[ale] Wine

Geoffrey esoteric at 3times25.net
Fri Jan 20 11:25:28 EST 2006


docx at io.com wrote:
> On Fri, January 20, 2006 2:27 pm, Geoffrey said:
> 
>>I write perfect software all the time.  It always does exactly what I
>>code it to do.
> 
> 
> There are those who don't write code.  They buy code other folks have written.
>  Does your code do exactly what someone else wants it to?

Eventually..

>>The interesting thing I find about all this is that most open source
>>betas are as stable or more then their commercial alternatives.  A very
>>good example is Linux.  For the longest time I was running the
>>development kernel tree.   I rarely had any problems.  Windows on the
>>other hand....
> 
> Windows is something that many people are familiar with and does things "well
> enough".  They don't have to edit config files, get system information from
> arcane command line programs, or do anything besides point and click (and
> possibly download updates and install them, but folks are used to that by
> now).

Let's not turn this into a windows/Linux debate okay?  But, what you've 
said might have applied 5-10 years ago, not now.  There are a number of 
Linux distros that are point and click.  My daughter installed her own, 
my mother-in-law is on SuSE 10.1 and has been on SuSE since 7.3.

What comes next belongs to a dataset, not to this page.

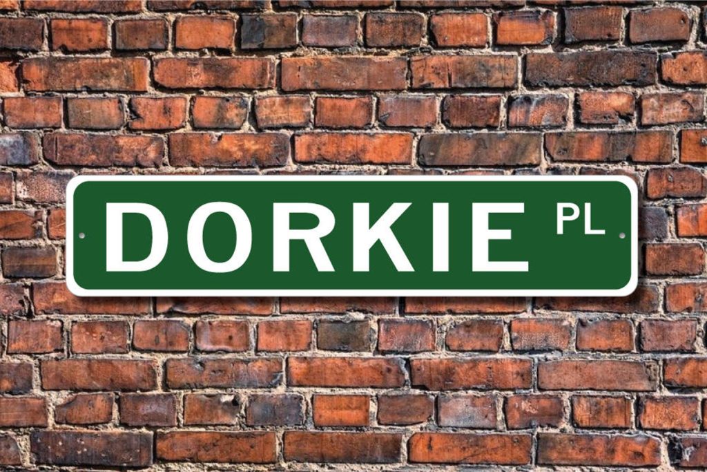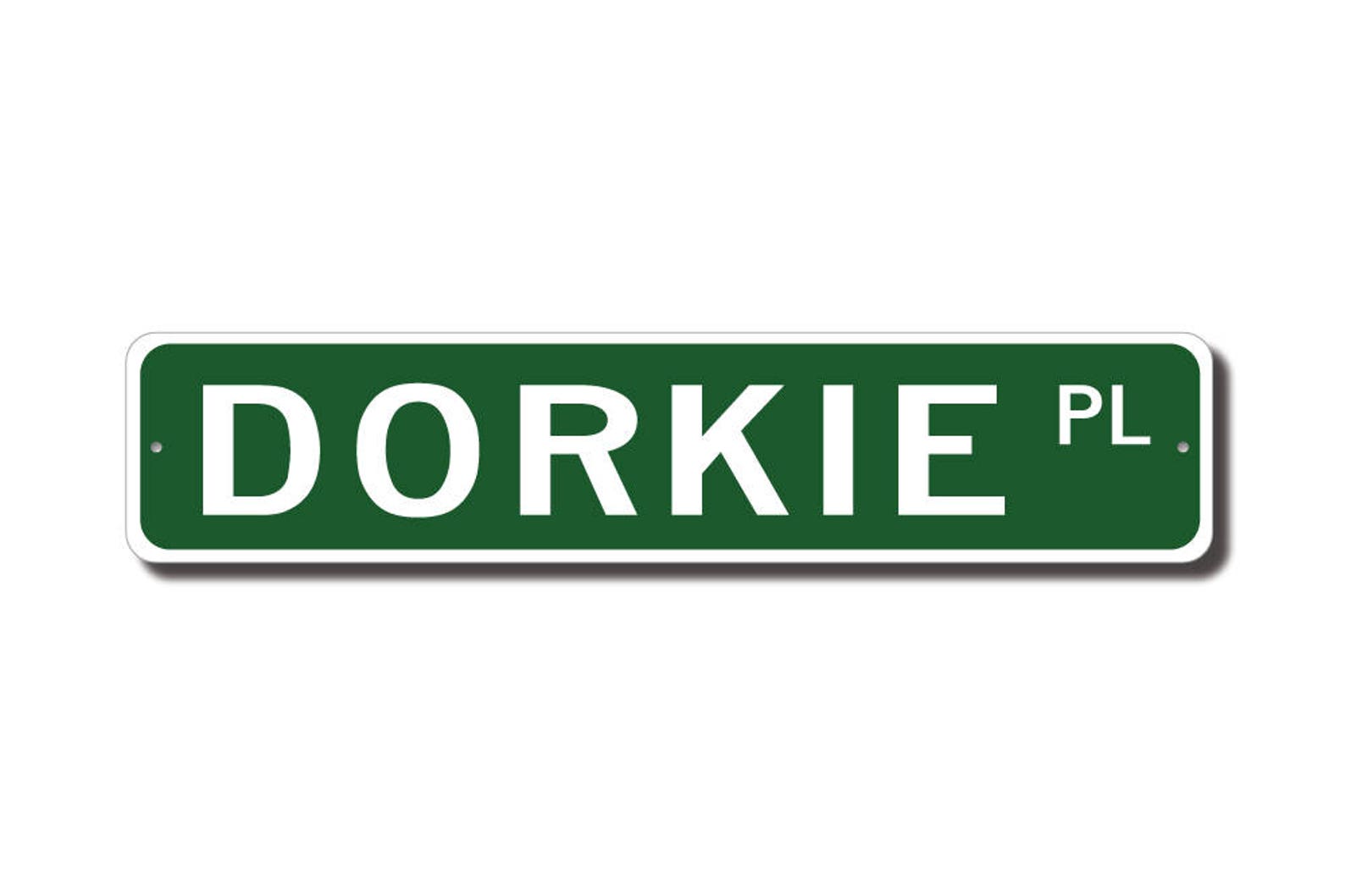 Dorkie lovers check out this awesome street sign! This will make the perfect piece for any Dorkie lover or Dorkie cave. Made of premium aluminum it will stand the test of time. This sign will look great in any room, garage, barn or office! Get this sign for your favorite friend that loves a Dorkie!

You need to update your knowledgebase.

> For geeks (and I number among that fold), getting Linux (and most any unix,
> for that matter) to do what we want is easy.  For Aunt May and Uncle Bob, it
> ain't that easy.  And when you're writing software targeted at replacing the
> operating system that Aunt May and Uncle Bob use, it better be as rock solid
> as possible, because the first couple of errors they run intow ill make them
> wonder "What the heck am I doing running this crap?  Let me just have my old
> computer back.  That worked."  It's not that they're getting more errors,
> necessarily, but that they're getting different errors they don't know how to
> work around.

Again, you post might have been accurate 10 years ago, not now.

> I believe that's the primary reason Wine is still in "beta".  It's really good
> code, but it hasn't fixed everything yet.